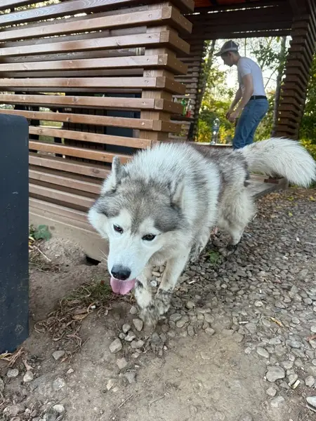 Сибирский Хаски, кобель. Окрас серо- белый, глаза голубые, кличка Вальс. Не агрессивен, но осторожен к чужим. Подходит не ко всем. Убежал с участка по адресу: МО, Раменский р- н, с. Новое и не вернулся. Поиски по окрестностям успеха не принесли. Может находится где угодно. В момент побега на нем был ошейник цвета хаки и карабин. Так же имеет клеймо и чип. Нашедших очень просим придержать или сразу сообщить о его местонахождении.
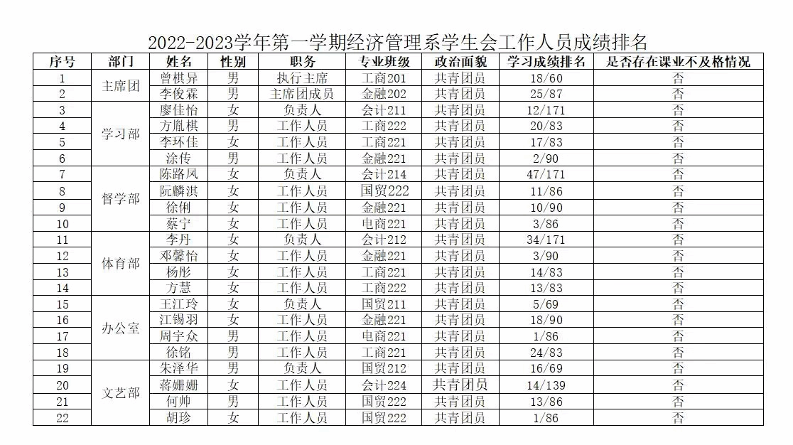 2022-2023学年第一学期经济管理系 学生会工作人员学业情况公示
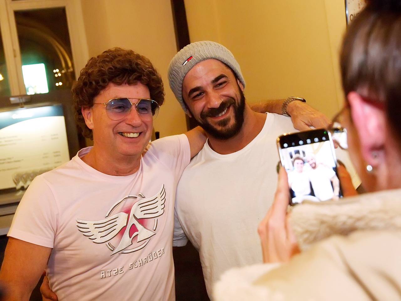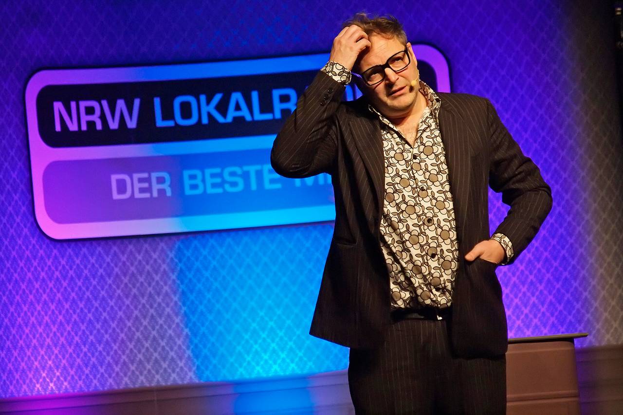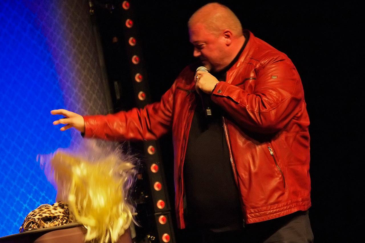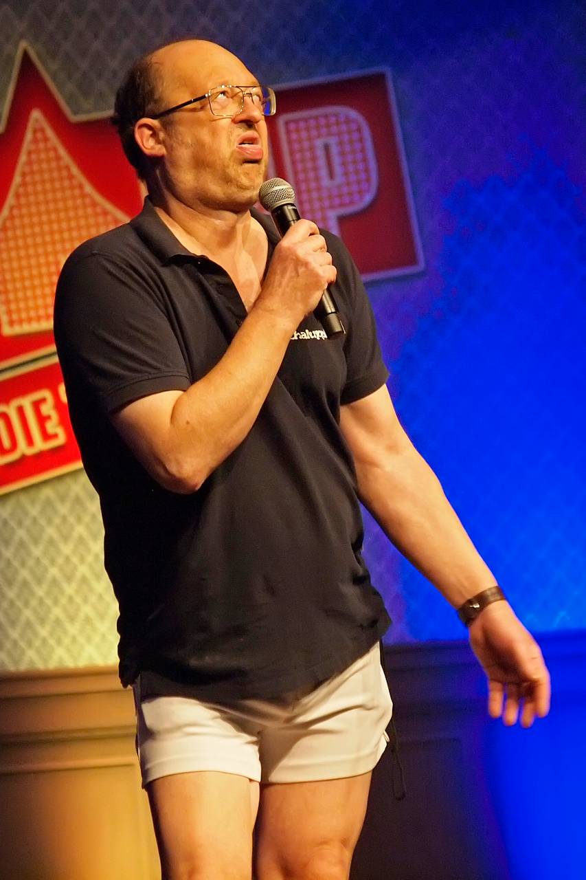Als Gastgeber begrüßte Jürgen Bangert: Atze Schröder, Ingrid Kühne, Abdelkarim.
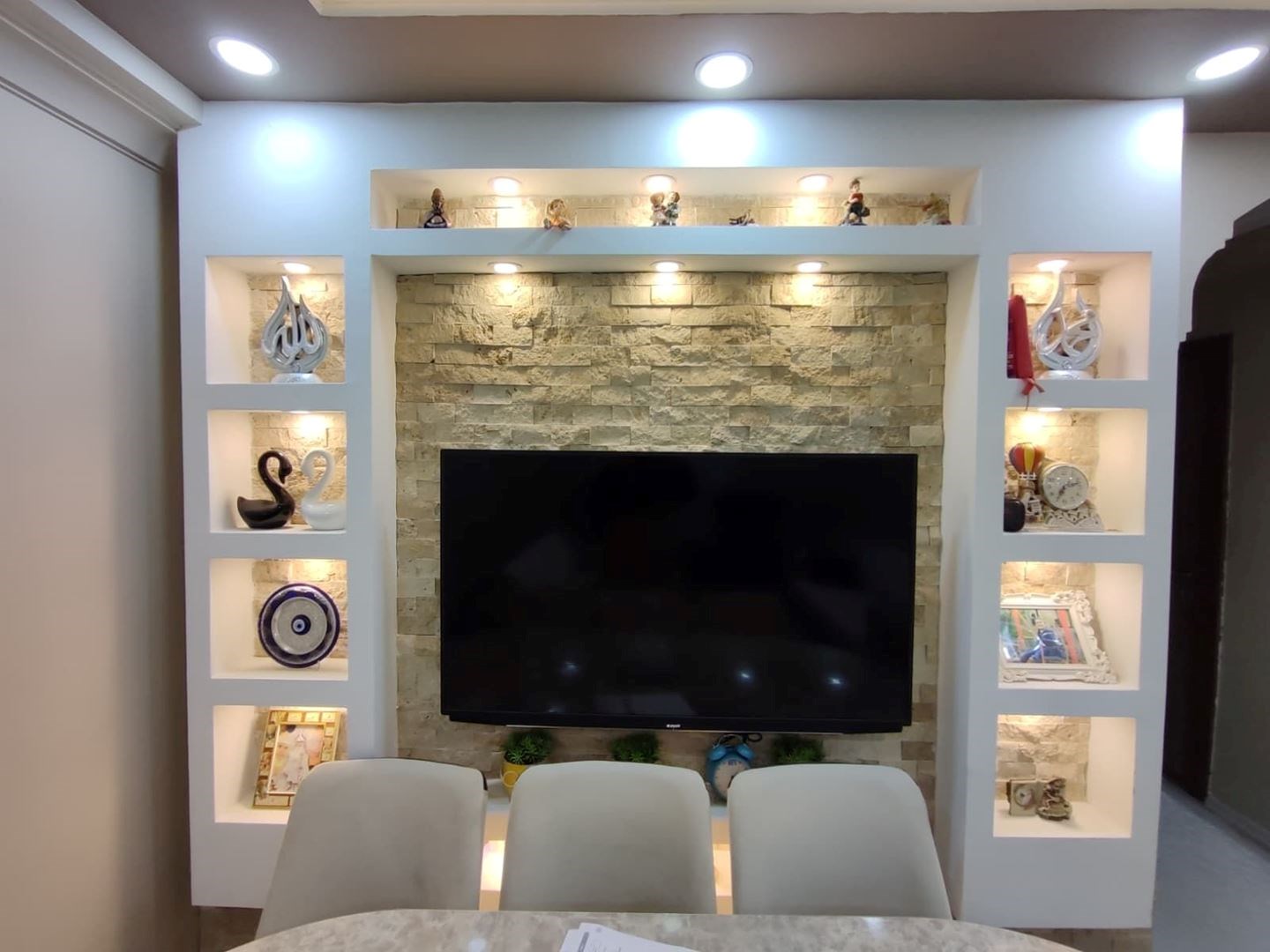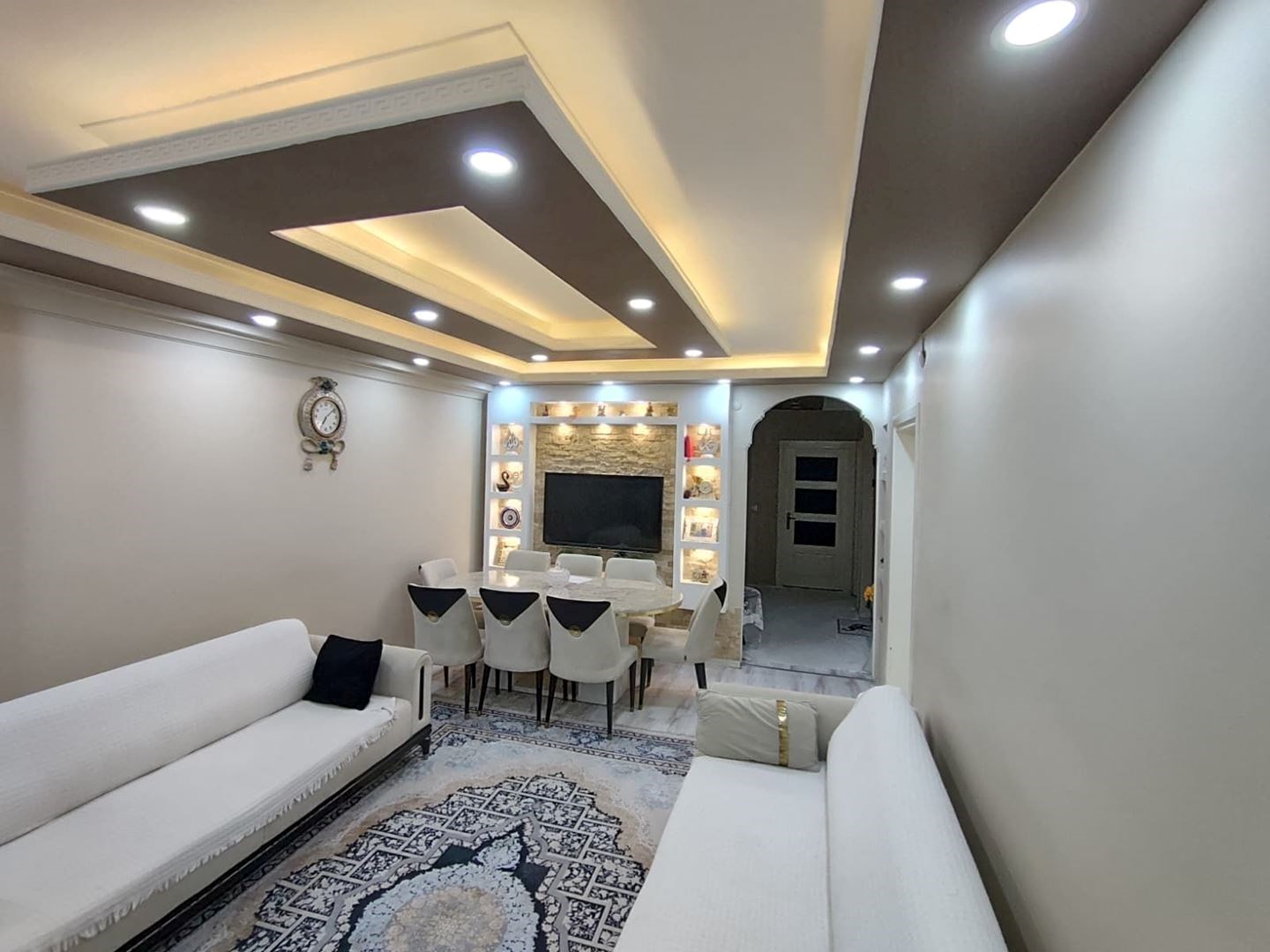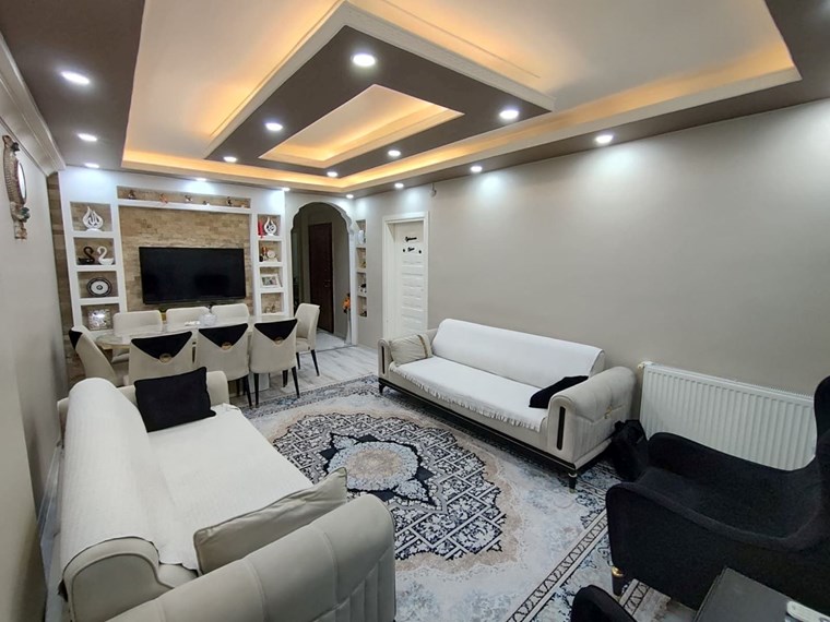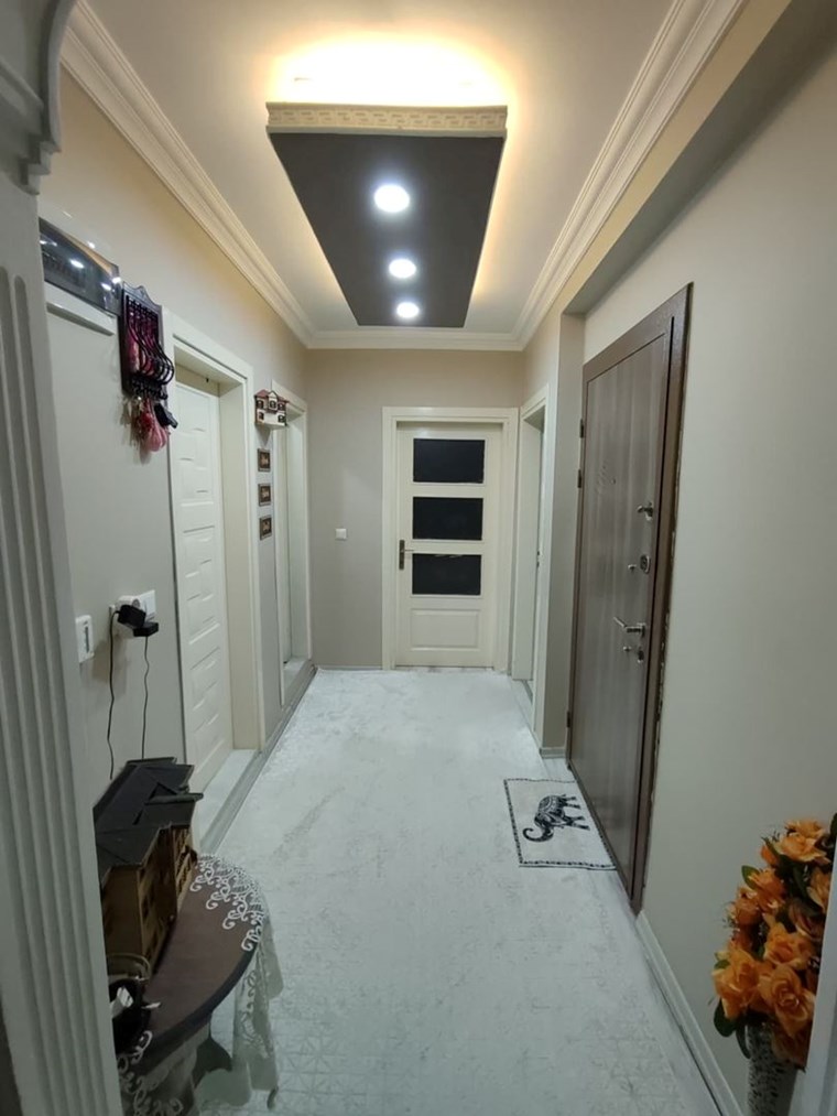 İç mekânda salon ve antrede asma tavan spot + LED aydınlatma, ayrıca duvara sabit modern alçıpan TV ünitesi bulunmaktadır.

(EXERCISE OBJECTIVE)
Leaving every picture out, write out exactly the lines from the one that holds "2022-2023学年第一学期经济管理系 学生会工作人员学业情况公示" through the end of the listing, both included.

(OUTPUT BELOW)
 2022-2023学年第一学期经济管理系 学生会工作人员学业情况公示
Als Gastgeber begrüßte Jürgen Bangert: Atze Schröder, Ingrid Kühne, Abdelkarim.
 İç mekânda salon ve antrede asma tavan spot + LED aydınlatma, ayrıca duvara sabit modern alçıpan TV ünitesi bulunmaktadır.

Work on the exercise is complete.